• _Available data_:
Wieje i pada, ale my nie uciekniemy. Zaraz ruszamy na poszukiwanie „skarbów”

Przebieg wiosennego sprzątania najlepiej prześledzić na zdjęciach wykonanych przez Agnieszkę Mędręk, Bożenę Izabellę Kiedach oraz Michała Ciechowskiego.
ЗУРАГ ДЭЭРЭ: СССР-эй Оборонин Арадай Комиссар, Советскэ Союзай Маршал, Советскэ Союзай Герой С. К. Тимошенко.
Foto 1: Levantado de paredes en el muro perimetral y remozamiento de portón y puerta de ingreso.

--

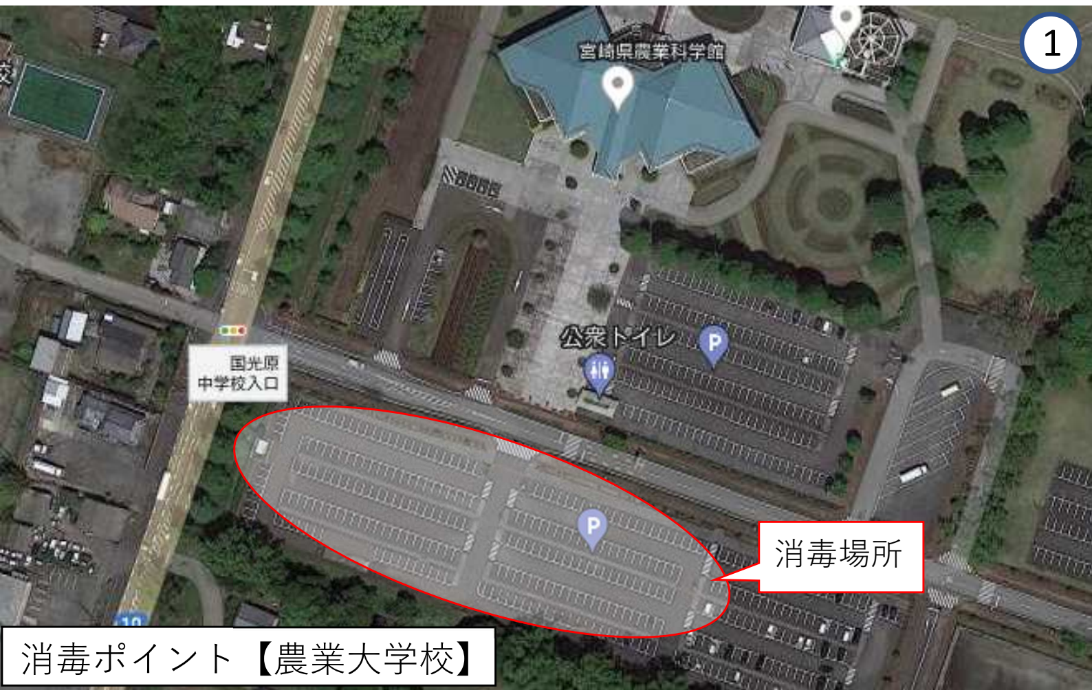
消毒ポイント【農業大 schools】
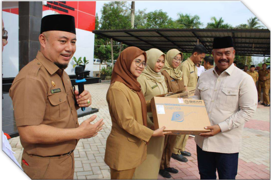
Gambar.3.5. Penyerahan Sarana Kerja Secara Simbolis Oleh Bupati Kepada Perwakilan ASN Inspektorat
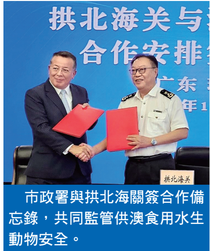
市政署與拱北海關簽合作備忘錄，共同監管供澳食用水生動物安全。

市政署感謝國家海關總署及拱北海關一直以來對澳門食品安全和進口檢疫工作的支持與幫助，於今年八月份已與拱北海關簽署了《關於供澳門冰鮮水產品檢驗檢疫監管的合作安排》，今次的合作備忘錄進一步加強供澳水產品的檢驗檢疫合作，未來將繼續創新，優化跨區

--

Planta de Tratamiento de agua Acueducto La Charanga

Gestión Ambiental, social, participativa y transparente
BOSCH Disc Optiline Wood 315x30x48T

• _To do_:
Everything in the material above from the line that has "Wieje i pada, ale" through the line that has "Przebieg wiosennego sprzątania" must be duplicated exactly, with no other lines given.

• _Answer section_:
Wieje i pada, ale my nie uciekniemy. Zaraz ruszamy na poszukiwanie „skarbów”

Przebieg wiosennego sprzątania najlepiej prześledzić na zdjęciach wykonanych przez Agnieszkę Mędręk, Bożenę Izabellę Kiedach oraz Michała Ciechowskiego.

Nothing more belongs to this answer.